(Entries taken from a collection)

BEGIN

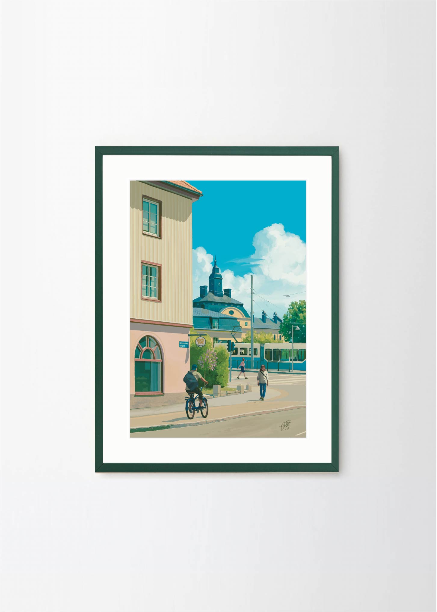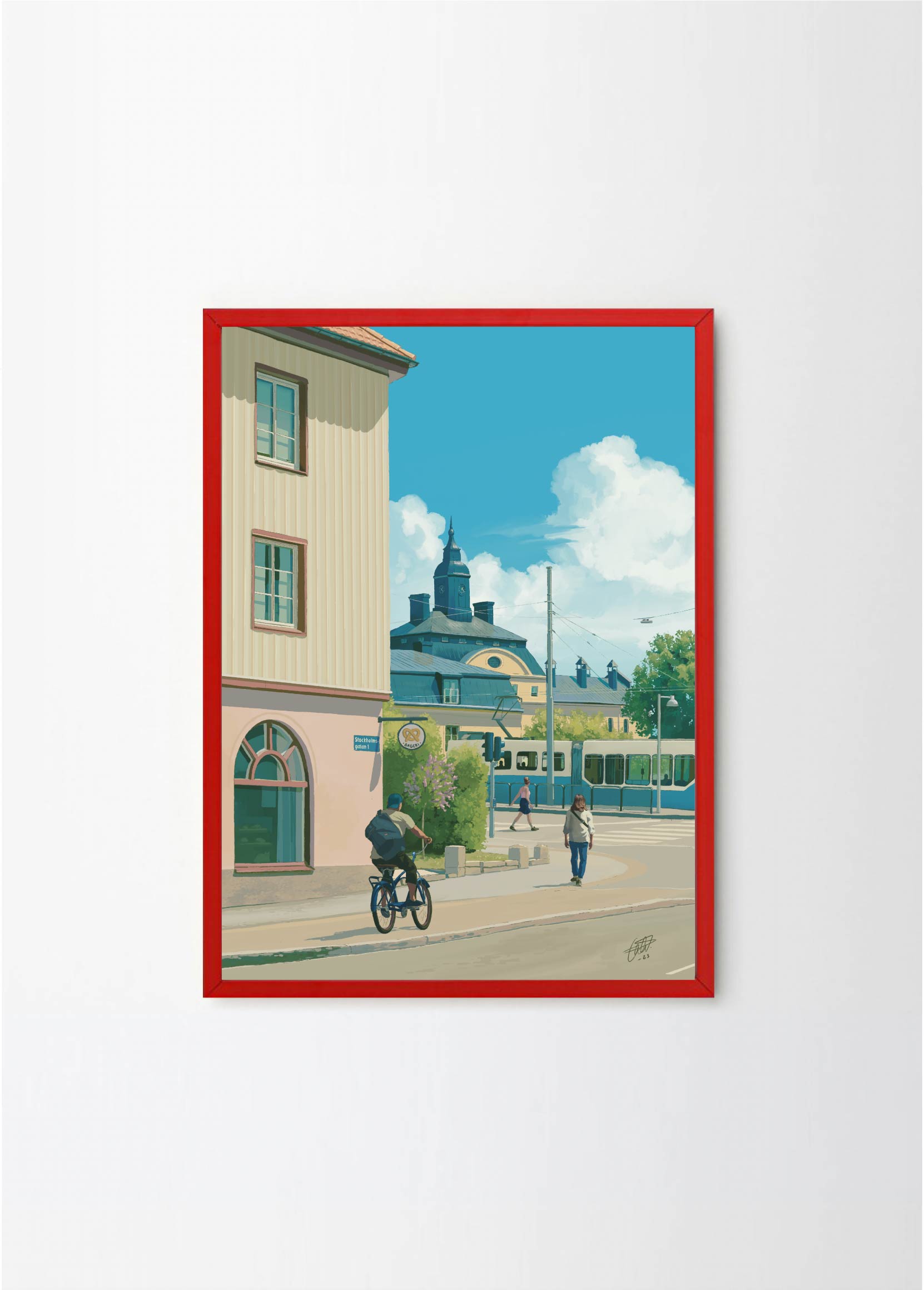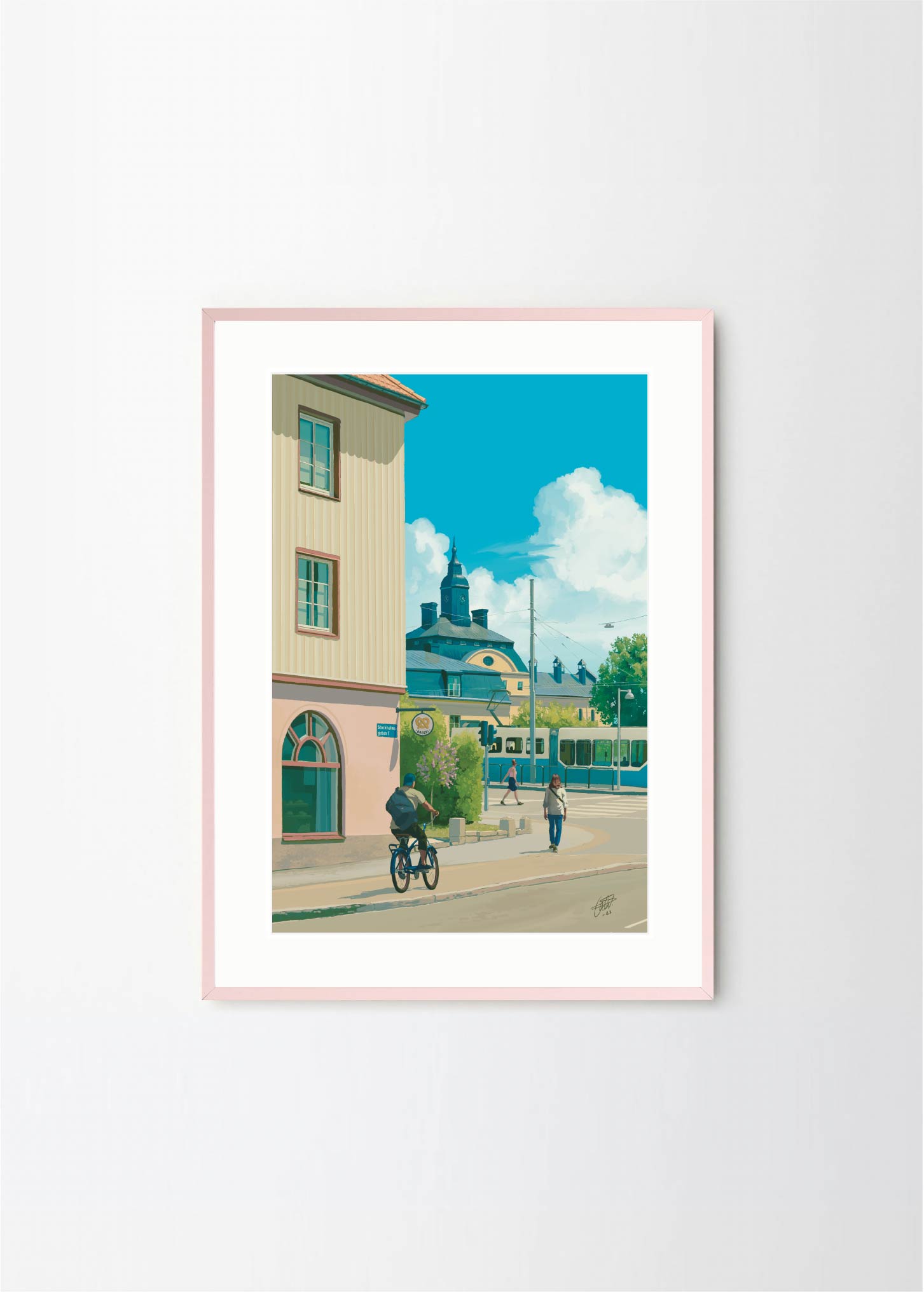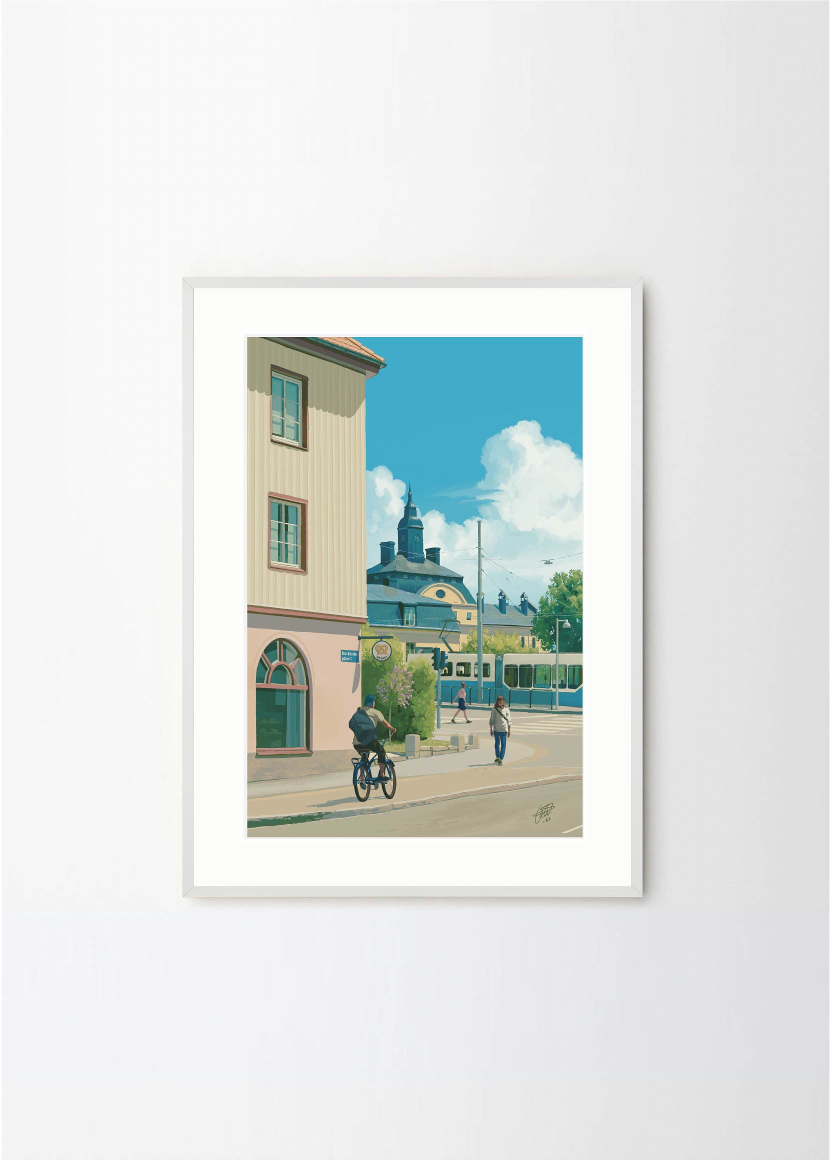 This artwork depicts a block in the neighborhood Bagaregården in Gothenburg. The lovely blue and beig colors makes it perfect for a pastelle, white or oak frame , with or without a passepartout.
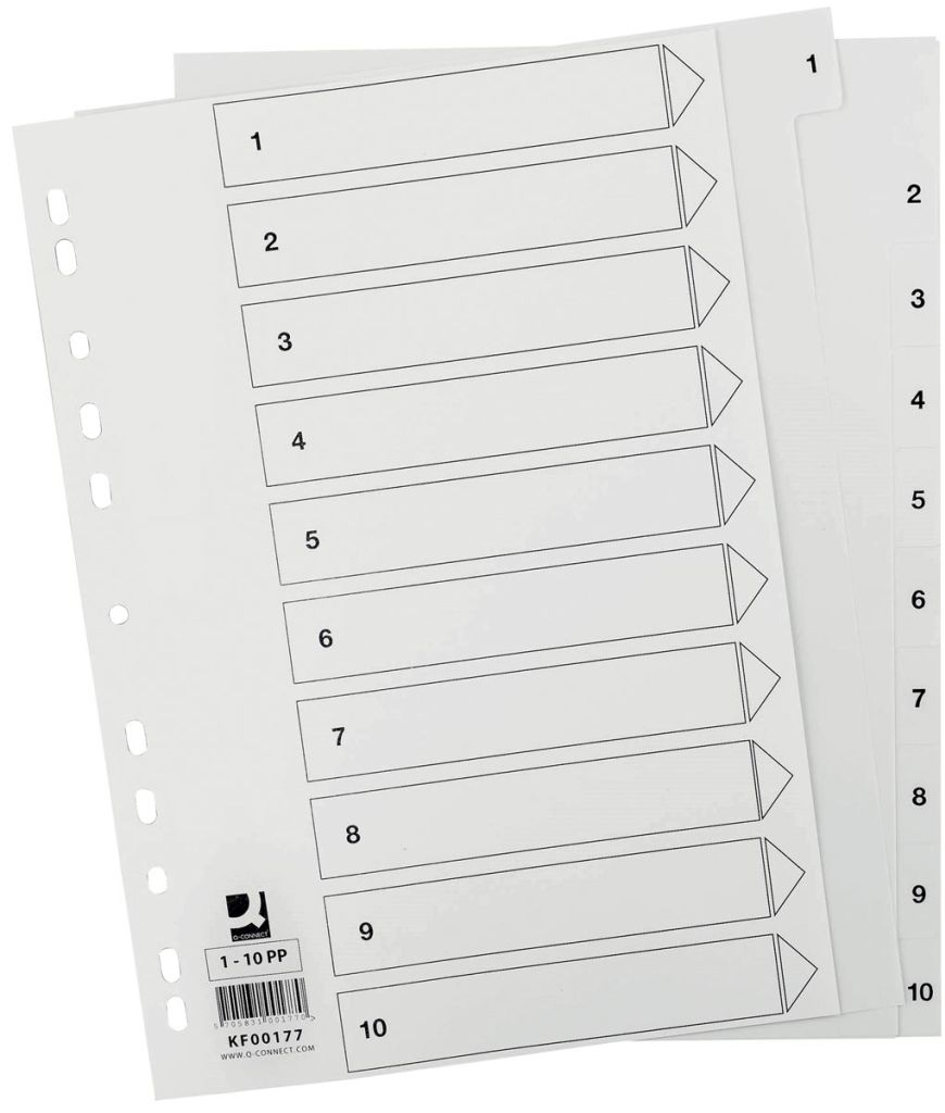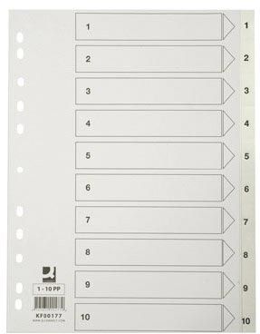 Q-CONNECT tabbladen, A4, PP, 11-gaatsperforatie,met indexblad, set van 1-10, wit
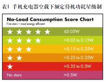這些關(guān)注的結(jié)果是采取一系列措施來提升效率和降低空載功耗的需求。其中最新最嚴(yán)格的是由全球前五大手機(jī)廠商提出的一項自愿性的充電器星級制協(xié)定,用以標(biāo)志在充電完成之后,充電器仍插在壁式插座上時的耗能量。該星級制從0星級開始,最高5星級??蛰d下額定待機(jī)功耗大于0.5W的充電器為0星級標(biāo)簽,待機(jī)功耗小于0.03W(30mW)的為5星級(見表1)。通過比較,大多數(shù)現(xiàn)有手機(jī)的待機(jī)功耗在150~300mW范圍。
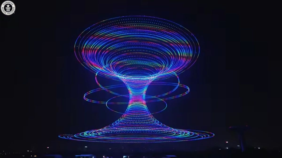 中国で大規模なドローンショーが実施され、同時飛行数でギネス世界記録を更新した。
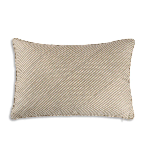 斜めのピンストライプがグラフィック効果を与え、プリントされたパイピングが上品な印象を添えています。手触りにもこだわりを感じます。
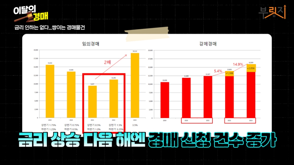 맞습니다. 제가 2019년부터 2023년까지 이거는 이제 법원 등기 정보 광장에서 제공하는 자료고요. 그랬더니 2019년도에는 상반기 때는 기준금리가 1.75%였는데 하반기 때는 1.25%로 줄어들었잖아요. 그러니까 이렇게 금리가 줄어들면 아무래도 이제 이자 부담은 덜 해서 그다음 연도에 경매 신청 건수는 줄어드는 모습을 볼 수가 있었고, 2023년도에는 경매 임의경매 신청 건수가 약 2만 건 정도 됐고요. 2021년도에는 한 1만 건 정도 했거든요. 그러니까 2배 가까이 증가한 모습을 볼 수가 있습니다.
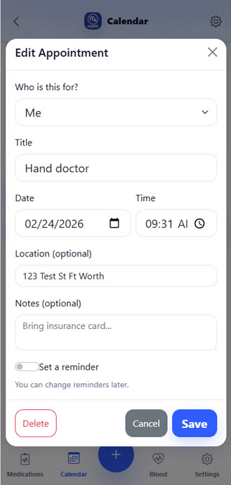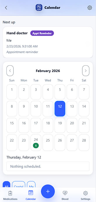 Save upcoming appointments with date/time, location, and notes. myRX helps you stay prepared and keep everything in one place.
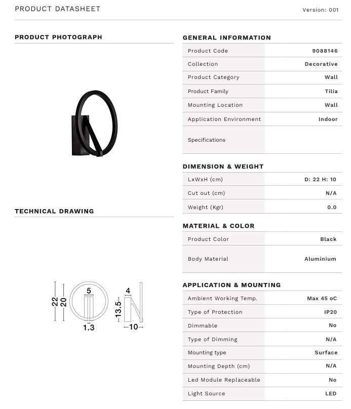 NOVA LUCE TILIA Aplica - Sandy Black Aluminium
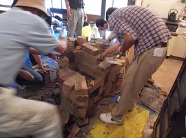 7月の棟梁塾ではまず特別実習で「オクド」の製作に取り組みました。4日の日曜日に清滝のギャラリーテラで塾生が耐火煉瓦を積んでいきました。左官担当理事の萩野親方から解説と指導があり、レンガの規格寸法に合わせて最小限の納まり高さがあり、全体でどう割り振るか、金物の納め方や、弱点になりやすい箇所の補強のなども教わりました。
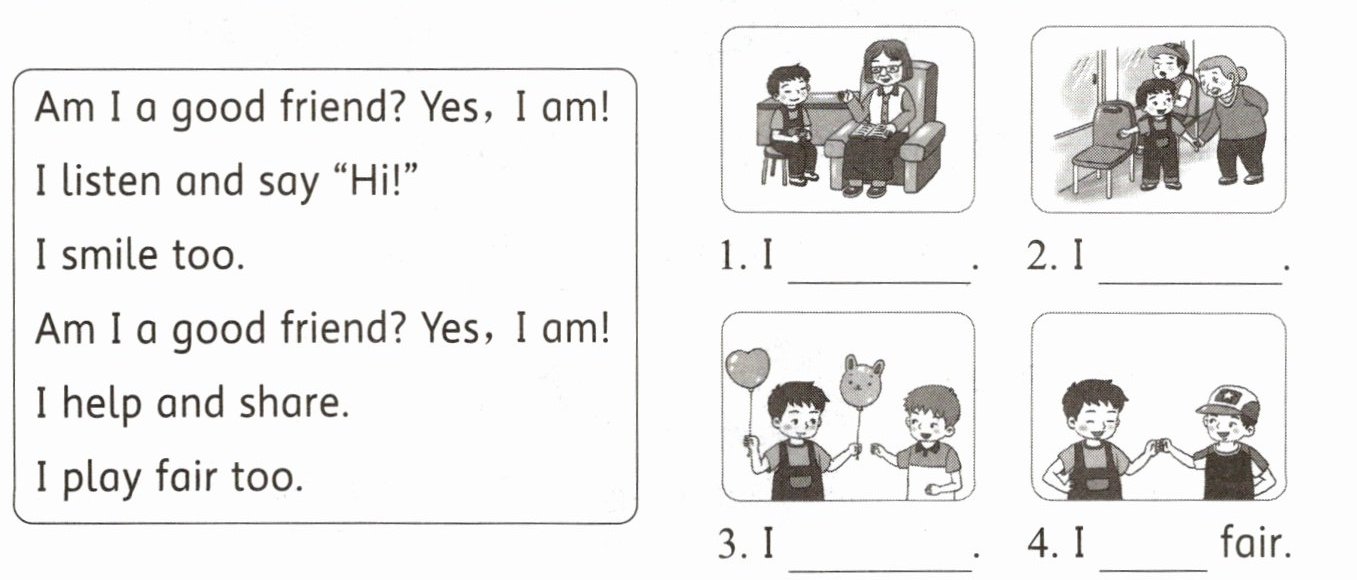 Ⅳ. 读歌谣,从歌谣里找出合适的动词,填写在相应的图片下面。
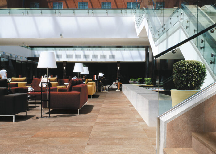 Amazzonia is the porcelain stoneware tile collection perfect for any surface both indoors and out. The excellent properties of this porcelain stoneware make these tiles extremely versatile. That’s why the Amazzonia collection is perfect for any indoor or outdoor setting and any style, whether classic, contemporary, urban chic, or minimalist. These rectified stone-like tiles come with a natural finish for interiors and an anti-slip finish and 20 mm thickness for exteriors. They are the ideal choice for creating visual continuity and tiling terraces, patios, verandas, and turf or gravel walkways.
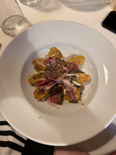 Abbiamo optato per l'antipasto misto "Solo Mattia", una generosa selezione di salumi misti, torta salata, crostini misti, sfogliatine e giardiniera di verdure. Per i primi, abbiamo assaporato gnocchi fatti in casa con ragù bianco di coniglio, tagliatelle di pasta d'uovo con ragù di salsiccia e radicchio rosso di Treviso, e gnocchi di zucca con funghi, petto d'oca e petali di ricotta affumicata del Cansiglio.
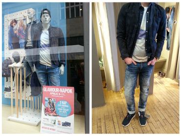 Először a Springfieldbe mentünk, mivel itt a kirakatban nem volt női szett, így csak egy férfit választottunk. A babán egész jól nézett ki a koncepció (póló-ing-zakó), viszont élőben azért bebizonyosodott, hogy nem teljesen praktikus. Az összeállításból leginkább a cipő tetszett. Kattintson a lenti képre és nézze meg, hogy nézett ki mindez felvéve!
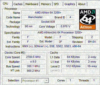 | Процессор (ядро) | AMD Athlon 64 (Venice) |
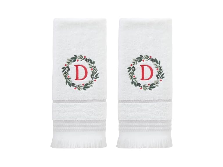 - (1) SKL Home Christmas/Winter Wreath Monogram Hand Towel, 2pc Set for Bath/Kitchen/Bar & Gift, White (Your Choice of Style)

END

(Exercise objective) Repeat the data above exactly, but not the pictures.

(Exercise response)
 This artwork depicts a block in the neighborhood Bagaregården in Gothenburg. The lovely blue and beig colors makes it perfect for a pastelle, white or oak frame , with or without a passepartout.
 Q-CONNECT tabbladen, A4, PP, 11-gaatsperforatie,met indexblad, set van 1-10, wit
這些關(guān)注的結(jié)果是采取一系列措施來提升效率和降低空載功耗的需求。其中最新最嚴(yán)格的是由全球前五大手機(jī)廠商提出的一項自愿性的充電器星級制協(xié)定,用以標(biāo)志在充電完成之后,充電器仍插在壁式插座上時的耗能量。該星級制從0星級開始,最高5星級??蛰d下額定待機(jī)功耗大于0.5W的充電器為0星級標(biāo)簽,待機(jī)功耗小于0.03W(30mW)的為5星級(見表1)。通過比較,大多數(shù)現(xiàn)有手機(jī)的待機(jī)功耗在150~300mW范圍。
 中国で大規模なドローンショーが実施され、同時飛行数でギネス世界記録を更新した。
 斜めのピンストライプがグラフィック効果を与え、プリントされたパイピングが上品な印象を添えています。手触りにもこだわりを感じます。
 맞습니다. 제가 2019년부터 2023년까지 이거는 이제 법원 등기 정보 광장에서 제공하는 자료고요. 그랬더니 2019년도에는 상반기 때는 기준금리가 1.75%였는데 하반기 때는 1.25%로 줄어들었잖아요. 그러니까 이렇게 금리가 줄어들면 아무래도 이제 이자 부담은 덜 해서 그다음 연도에 경매 신청 건수는 줄어드는 모습을 볼 수가 있었고, 2023년도에는 경매 임의경매 신청 건수가 약 2만 건 정도 됐고요. 2021년도에는 한 1만 건 정도 했거든요. 그러니까 2배 가까이 증가한 모습을 볼 수가 있습니다.
 Save upcoming appointments with date/time, location, and notes. myRX helps you stay prepared and keep everything in one place.
 NOVA LUCE TILIA Aplica - Sandy Black Aluminium
 7月の棟梁塾ではまず特別実習で「オクド」の製作に取り組みました。4日の日曜日に清滝のギャラリーテラで塾生が耐火煉瓦を積んでいきました。左官担当理事の萩野親方から解説と指導があり、レンガの規格寸法に合わせて最小限の納まり高さがあり、全体でどう割り振るか、金物の納め方や、弱点になりやすい箇所の補強のなども教わりました。
 Ⅳ. 读歌谣,从歌谣里找出合适的动词,填写在相应的图片下面。
 Amazzonia is the porcelain stoneware tile collection perfect for any surface both indoors and out. The excellent properties of this porcelain stoneware make these tiles extremely versatile. That’s why the Amazzonia collection is perfect for any indoor or outdoor setting and any style, whether classic, contemporary, urban chic, or minimalist. These rectified stone-like tiles come with a natural finish for interiors and an anti-slip finish and 20 mm thickness for exteriors. They are the ideal choice for creating visual continuity and tiling terraces, patios, verandas, and turf or gravel walkways.
 Abbiamo optato per l'antipasto misto "Solo Mattia", una generosa selezione di salumi misti, torta salata, crostini misti, sfogliatine e giardiniera di verdure. Per i primi, abbiamo assaporato gnocchi fatti in casa con ragù bianco di coniglio, tagliatelle di pasta d'uovo con ragù di salsiccia e radicchio rosso di Treviso, e gnocchi di zucca con funghi, petto d'oca e petali di ricotta affumicata del Cansiglio.
 Először a Springfieldbe mentünk, mivel itt a kirakatban nem volt női szett, így csak egy férfit választottunk. A babán egész jól nézett ki a koncepció (póló-ing-zakó), viszont élőben azért bebizonyosodott, hogy nem teljesen praktikus. Az összeállításból leginkább a cipő tetszett. Kattintson a lenti képre és nézze meg, hogy nézett ki mindez felvéve!
 | Процессор (ядро) | AMD Athlon 64 (Venice) |
 - (1) SKL Home Christmas/Winter Wreath Monogram Hand Towel, 2pc Set for Bath/Kitchen/Bar & Gift, White (Your Choice of Style)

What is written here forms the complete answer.